Protein extracted from retinae of normoxia raised (N) and 50/10 OIR raised (OIR) pups was assessed for VEGF expression. Total VEGF (A20; Santa Cruz) showed a clear upregulation in OIR samples compared to normoxic samples (Figure 1E; left panel). However, assessment of the VEGFxxxb isoforms (56/1; R&D) showed a reduction in the expression of certain isoforms. In addition to previously identified bands at 46kDa (MW of VEGF dimer = 46kDa), bands were observed at 23kDa, the expected size of glycosylated VEGF165b monomers, and protein from retinas of rats exposed to OIR showed decreased expression of this product. In addition other bands were observed in normoxic retinal protein, at approximately 33kDa (VEGF121b), and 16kDa (VEGF121b monomer) - these bands were absent from OIR retinal protein (Figure 1E; right hand blot). Densitometry analysis revealed a significant upregulation of pro-angiogenic VEGF165 but not VEGF165b (46kDa band; p<0.05, students t-test).

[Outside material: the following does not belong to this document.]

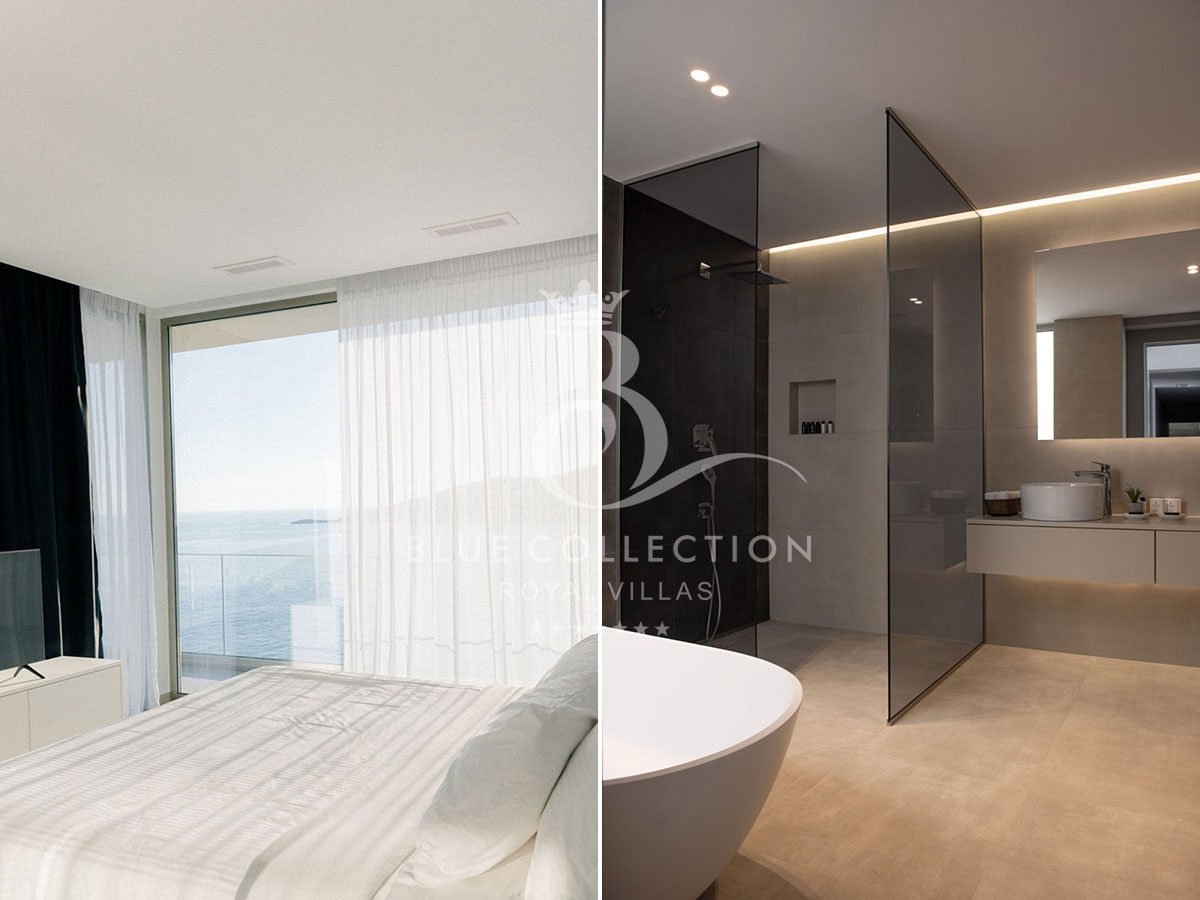• Bedroom 1: king-size bed (1.80×2.00), satellite smart TV, sea view from the balcony, and ensuite bathroom with shower and bathtub

Recombinant human VEGF165b blocks VEGF165 mediated cell migration and reduces PRNV comparable to anti-VEGF treatment, following OIR insult
Endothelial cell migration is a critical component of angiogenesis and it has been reported that anti-angiogenic rhVEGF165b can be used to prevent VEGF-mediated cell migration. Here we have used pro-angiogenic and pro-migratory rhVEGF165 (1nM) as a chemoattractant to promote HUVEC migration. Recombinant human VEGF165b >dose-dependently inhibited VEGF165–mediated HUVEC migration, achieving significance (p<0.01, one-way ANOVA with Dunnetts post hoc) at 0.2, 0.3, 0.5 and 1nM VEGF165b concentrations (Figure 2A). When VEGF165 and VEGF165b were in combined to reduce migration by 56% compared to VEGF165 alone, pre-incubation with anti-VEGFxxxb specific antibody (56/1; R&D Systems) abolished the inhibition on cell migration observed with rhVEGF165b treatment, returning VEGF165 mediated migration to 83.1±7.61% of VEGF165 treatment alone (p<0.001, unpaired t-test; Figure 2B).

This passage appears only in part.